George Saravelos, le principal stratège de la Deutsche Bank en matière de devises, estime qu'il est difficile de surestimer l'ampleur de la remise en question politique et commerciale de cette semaine. "Deux piliers du rôle de l'Amérique dans le monde sont fondamentalement remis en question", a-t-il déclaré.

Il a noté que le taux moyen des droits de douane américains le plus élevé depuis l'effondrement de l'ère des taux de change fixes de Bretton Woods au début des années 1970 est en train de se produire, alors que les graves dommages causés à l'alliance militaire transatlantique obligent l'Allemagne et l'Europe à planifier des centaines de milliards d'euros de dépenses en matière de défense et d'infrastructures.

La chute du billet vert en parallèle signifie que "la perte potentielle du statut de valeur refuge du dollar dans ce contexte doit être examinée", a-t-il déclaré. "Nous n'écrivons pas cela à la légère.

Le plus remarquable pour M. Saravelos est la rupture de la corrélation entre le dollar et les actifs à risque qui, selon lui, a été au cœur de la construction des portefeuilles au cours de la dernière décennie.

Il est certain que l'équipe Trump peut adorer la vue d'un dollar en chute libre. Le président a de nouveau critiqué le Japon et la Chine cette semaine pour avoir "tué leurs monnaies" afin de déjouer les rivaux commerciaux des États-Unis.

Et l'administration peut même se réjouir de voir les bons du Trésor se redresser, réduisant ainsi le coût du service de la dette du pays.
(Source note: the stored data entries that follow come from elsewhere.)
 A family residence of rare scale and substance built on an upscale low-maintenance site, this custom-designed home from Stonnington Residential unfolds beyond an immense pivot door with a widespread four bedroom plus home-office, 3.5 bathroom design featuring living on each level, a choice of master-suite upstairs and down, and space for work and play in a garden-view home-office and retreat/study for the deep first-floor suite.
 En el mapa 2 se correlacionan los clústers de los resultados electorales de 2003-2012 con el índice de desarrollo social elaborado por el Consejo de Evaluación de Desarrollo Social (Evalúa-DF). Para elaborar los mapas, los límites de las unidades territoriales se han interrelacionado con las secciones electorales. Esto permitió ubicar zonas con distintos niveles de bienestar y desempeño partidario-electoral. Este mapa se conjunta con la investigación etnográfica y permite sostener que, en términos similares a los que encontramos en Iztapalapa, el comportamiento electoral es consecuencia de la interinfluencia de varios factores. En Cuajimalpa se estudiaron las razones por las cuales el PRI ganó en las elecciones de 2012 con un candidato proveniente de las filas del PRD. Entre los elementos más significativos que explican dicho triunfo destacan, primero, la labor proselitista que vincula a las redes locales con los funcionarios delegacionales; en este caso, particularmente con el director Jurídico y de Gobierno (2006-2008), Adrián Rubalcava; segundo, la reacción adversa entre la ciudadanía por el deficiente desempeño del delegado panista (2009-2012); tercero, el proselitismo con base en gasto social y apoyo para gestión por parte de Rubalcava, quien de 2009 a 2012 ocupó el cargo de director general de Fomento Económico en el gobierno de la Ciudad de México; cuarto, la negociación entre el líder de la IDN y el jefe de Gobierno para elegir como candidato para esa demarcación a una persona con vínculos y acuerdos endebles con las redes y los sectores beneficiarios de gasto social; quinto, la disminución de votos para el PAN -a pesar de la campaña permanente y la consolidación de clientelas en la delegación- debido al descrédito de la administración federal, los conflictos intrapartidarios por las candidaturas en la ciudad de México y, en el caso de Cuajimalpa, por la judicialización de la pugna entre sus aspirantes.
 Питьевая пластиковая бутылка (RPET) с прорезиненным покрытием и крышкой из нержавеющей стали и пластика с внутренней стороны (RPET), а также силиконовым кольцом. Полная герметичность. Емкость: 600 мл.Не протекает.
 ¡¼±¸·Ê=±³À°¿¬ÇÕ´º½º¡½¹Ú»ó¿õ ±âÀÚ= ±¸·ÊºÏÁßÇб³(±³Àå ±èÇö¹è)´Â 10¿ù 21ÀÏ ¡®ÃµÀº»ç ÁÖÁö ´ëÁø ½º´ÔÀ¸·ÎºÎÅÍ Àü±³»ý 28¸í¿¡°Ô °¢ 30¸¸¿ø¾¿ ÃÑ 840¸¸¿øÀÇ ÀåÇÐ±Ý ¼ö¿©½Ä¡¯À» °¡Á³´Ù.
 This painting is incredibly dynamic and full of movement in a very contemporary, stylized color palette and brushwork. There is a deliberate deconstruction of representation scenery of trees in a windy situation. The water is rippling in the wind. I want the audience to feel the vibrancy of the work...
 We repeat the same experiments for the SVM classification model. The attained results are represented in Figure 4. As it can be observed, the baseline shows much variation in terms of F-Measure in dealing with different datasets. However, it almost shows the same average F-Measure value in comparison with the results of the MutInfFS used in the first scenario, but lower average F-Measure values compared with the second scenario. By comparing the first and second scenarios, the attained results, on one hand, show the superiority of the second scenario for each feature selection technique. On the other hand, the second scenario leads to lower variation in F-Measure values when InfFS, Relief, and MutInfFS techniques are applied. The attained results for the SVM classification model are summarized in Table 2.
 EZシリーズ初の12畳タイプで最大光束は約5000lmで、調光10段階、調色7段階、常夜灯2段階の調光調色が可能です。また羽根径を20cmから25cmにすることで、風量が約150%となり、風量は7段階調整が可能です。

Mais la perspective d'une atteinte au rôle mondial du dollar pourrait s'avérer plus inconfortable, tout comme le fait de voir les investisseurs étrangers fuir Wall street, qui a longtemps été la seule place sur le marché.

Poussée à son paroxysme, la perspective de l'"Amérique d'abord" au niveau national pourrait mettre fin à l'"Amérique d'abord" pour les investisseurs du monde entier.

Graphique clé du jour

L'Allemagne et l'Union européenne ont répondu aux doutes croissants concernant l'engagement de Washington envers l'alliance transatlantique par une rapidité rare et d'énormes plans de financement pour la défense et les infrastructures. Ce coup de pouce fiscal potentiel à l'économie de l'UE électrise les marchés et l'euro. Les indices boursiers européens ont dépassé le S&P 500 de plus de 10 % depuis le début de l'année, et les actions européennes dans le domaine de la défense ont dépassé le Nasdaq 100 d'environ 35 %.
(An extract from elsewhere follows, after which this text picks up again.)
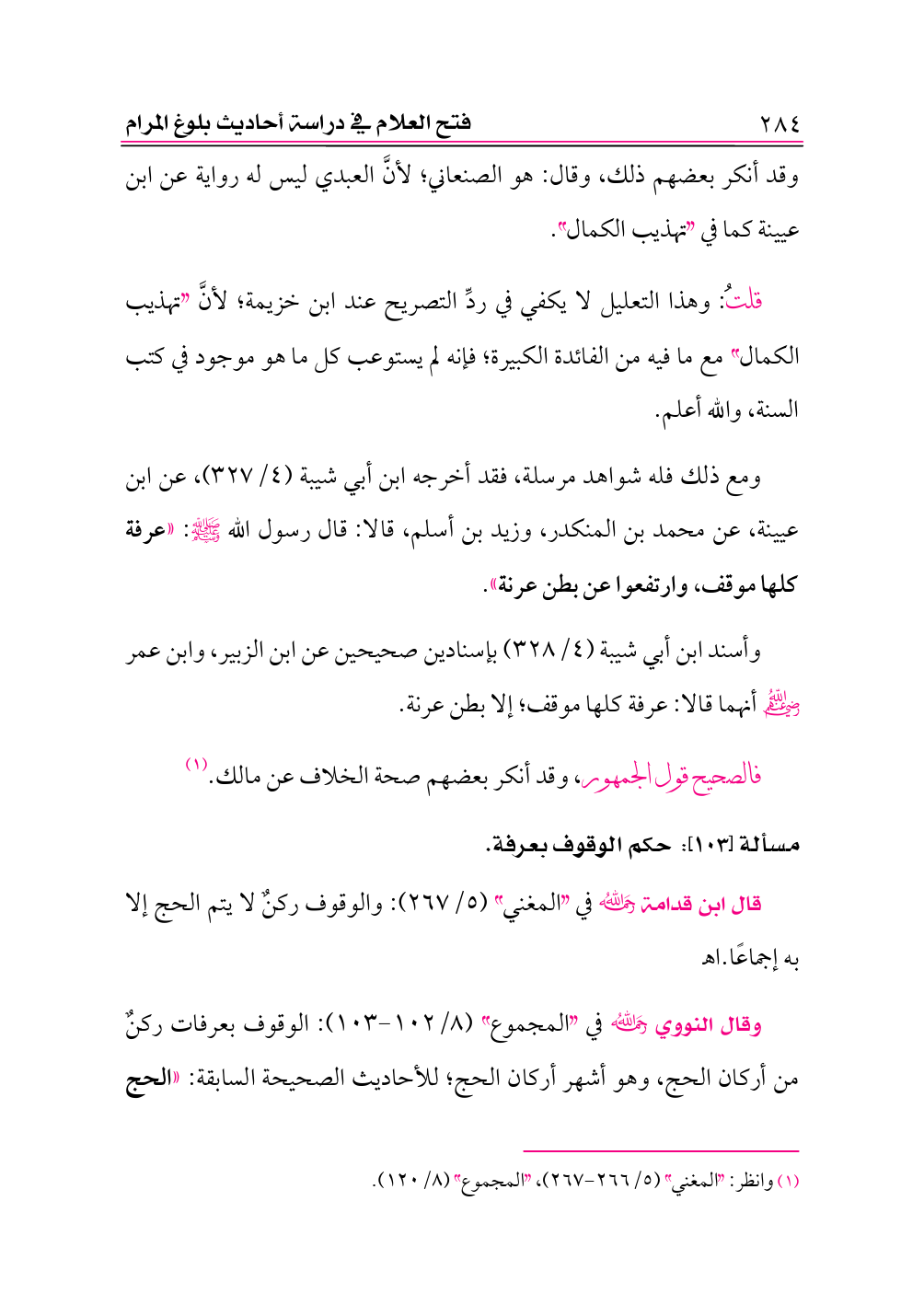 مسألة [١٠٣]: حكم الوقوف بعرفة.

Événements à surveiller aujourd'hui

* Les chiffres de l'emploi dans le secteur privé aux États-Unis en février (ADP), les enquêtes sur le secteur des services aux États-Unis en février (ISM et S&P Global), les commandes de produits manufacturés en janvier.

* La Réserve fédérale publie le "Livre beige" sur les conditions économiques. Le gouverneur de la Banque d'Angleterre, Andrew Bailey, et d'autres responsables de la BoE répondent à des questions au Parlement.

* Résultats des entreprises américaines : Campbell's, Brown-Forman

Les opinions exprimées sont celles de l'auteur.